Expert Author Gihan Perera
There are a variety of technology options available for you to conduct conference calls, teleseminars and webinars. They can range from a simple two-way telephone call with participants on speaker phones at each end; through to calls with hundreds of participants in different locations, with visuals as well. Yours will probably fall somewhere in between.
When evaluating conference call services, it's difficult to simply choose one and define it as "best", because the services vary depending on your requirements. Here are some factors to consider:
  • Hosting cost: How much do you pay for the call service itself? And is this a single up-front fee, a fixed monthly subscription, or a per-use fee?
  • Call costs: How much do participants themselves pay to be on the call?
  • Connection type: How do participants connect to the call? Is it over the Internet or via a regular phone line? If the latter, are they doing it using a land line, a mobile/cell phone, using a free 1-800 number or a toll-free number, by making an international phone call, or calling from a hotel room?
  • Medium: Is the conference call conducted using the standard telephone system, or is it done over the Internet? The standard telephone system is usually very reliable, and is more than enough for typical voice conversations. However, Internet phone calls can be cheaper - or even free.
  • Meeting size: Is this for a few people, a medium size group or a large group? Some conference call technology limits the number of callers. Even if there's no limit, with a bigger group you might choose a system that gives you more control over the callers.
  • Call setup: Is it quick and easy to plan a call, or does it require a lot of advance planning - and perhaps booking a time slot for using the service? If you don't require the service for informal calls at a short notice, this might not make any difference to you.

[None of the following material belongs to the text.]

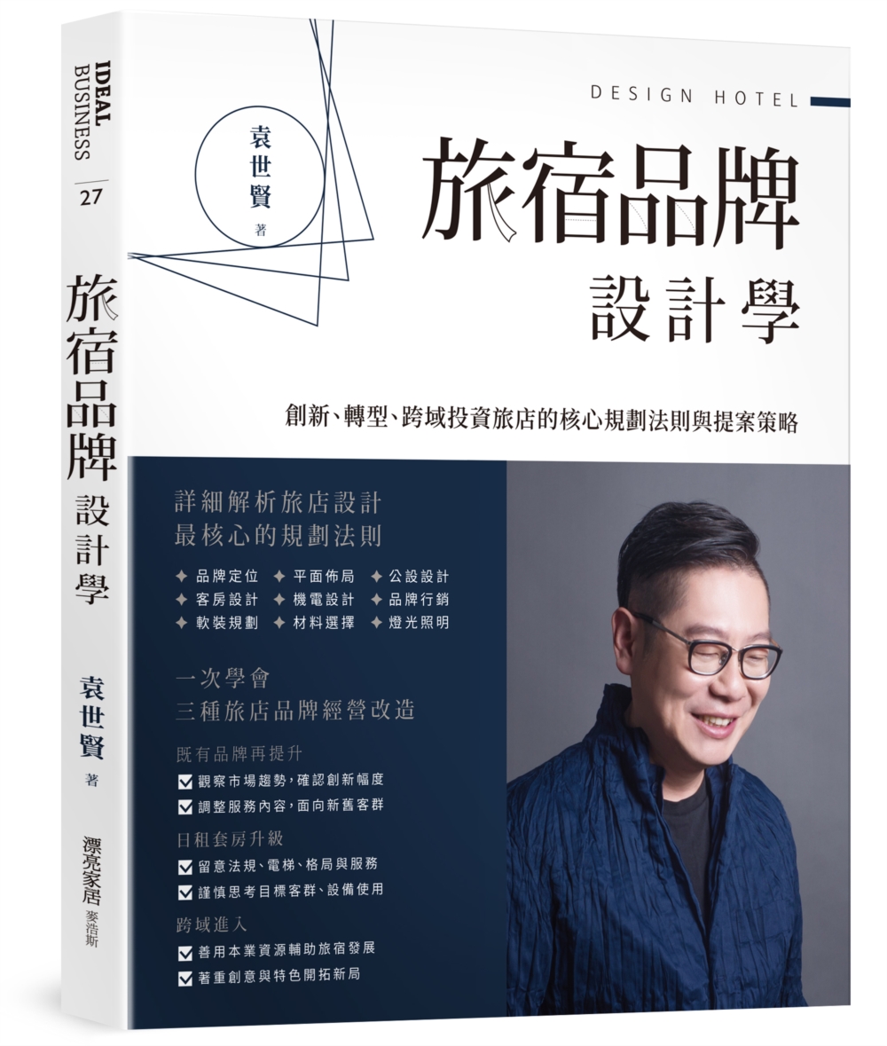 《旅宿品牌設計學》作者呈境設計創辦人─袁世賢,操刀過無數知名飯店品牌,包含煙波飯店台南館、太魯閣沁海館、宜蘭花時間傳藝以及海霸王集團旗下的城市商旅、德立莊。

  • Scheduling support: Would it be useful to use a conference call service that automatically e-mails all participants with the call-in information, sends them regular reminders leading up to the call, and perhaps even sends an automatic follow-up e-mail after the call? These services are available, though they typically cost more. So if you don't need them, you might choose a cheaper service.
  • Call control: What control do you want over the call? Some services offer additional features, such as recording, "muting" participants, a chat window, the ability to show visuals, and so on.
  • Operator support: Do you require an operator to assist you in managing the call? This probably isn't required for small meetings, but can be very useful as the group gets bigger, especially if it's not a tight-knit group of people or you know it's a controversial topic.